The Senate Committee on Industry has called for the return of the Standards Organisation of Nigeria (SON) to the nation’s ports.

Senator Sam Egwu, Chairman of the Committee made the call on Monday, during an oversight function to SON’s offices and laboratories in Lagos.

He said that the absence of the agency was greatly felt at the ports and called on stakeholders in the sector to begin facilitating its return.

He stressed that it was necessary for the agency to have first-hand information on goods berthing on the shores of the country before being allowed into the markets.

He said that Nigeria as a large scale importing country must have its standard organisation at the nation’s point of entry, in order to ascertain the quality of goods coming in.

“We cannot overemphasis the issue of standardisation, because it is the core for every manufacturing output. We are not happy that SON has not been allowed to operate at its maximum capacity especially with their presence being felt at the port.

“Nigeria is import dependent, with porous borders and for them not to be at the port to inspect these goods first hand is not good enough.

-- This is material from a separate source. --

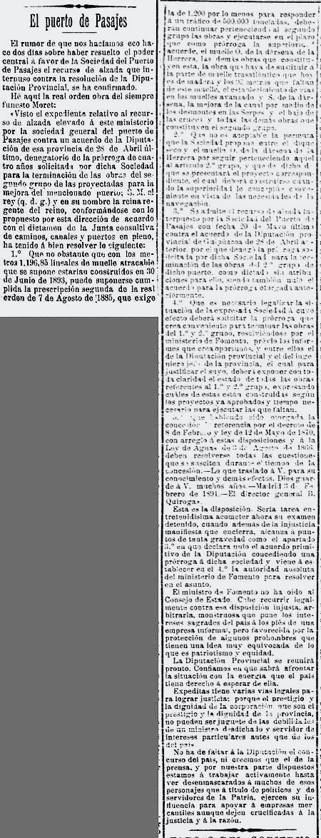 El rumor de que nos hacíamos eco hace dos días sobre haber resuelto el poder central a favor de la Sociedad del Puerto de Pasajes el recurso de alzada que interpuso contra la resolución de la Diputación Provincial, se ha confirmado.

They should be allowed to be at the port to see these products before they enter into the market.

“We have observed some products come into the country from countries that do not have standards all cloned with SON logo. This is certainly not good for the Nigerian economy.

“The discovery by the SON deterred such goods from getting into the hands of unsuspecting consumers,” he said.
He commended operations of the agency in its fight to combat fake and substandard goods, and restated the committee’s support.

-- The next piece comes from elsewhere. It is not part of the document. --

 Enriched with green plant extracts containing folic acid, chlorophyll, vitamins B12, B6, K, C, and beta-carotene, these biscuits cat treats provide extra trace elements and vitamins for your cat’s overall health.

“From what I have seen so far, I want to say that they have impressed us as a committee with their efforts to ensure that products are being standardised.

“They have also judiciously put to use the appropriation funds given to them to deliver on their mandate,” he said.
The Director General, of SON, Osita Aboloma, told the committee that steady progress had been made over the years under the current leadership of the senate committee on industry.

“We have never had it so good under any committee in the history of SON.

“Not only did you bequeath a befitting SON Act, we have also been able to discharge most of our core mandate.
“I am also proud to tell the world that the issue of possession and co-ownership of the building where our operational office in Lekki is situated has been resolved in favour of SON due to your able leadership, ‘’he said.

The members of the committee were taken to SON’s one-stop office in Apapa and its multi-billion laboratory complex in Ogba with about 38 laboratories.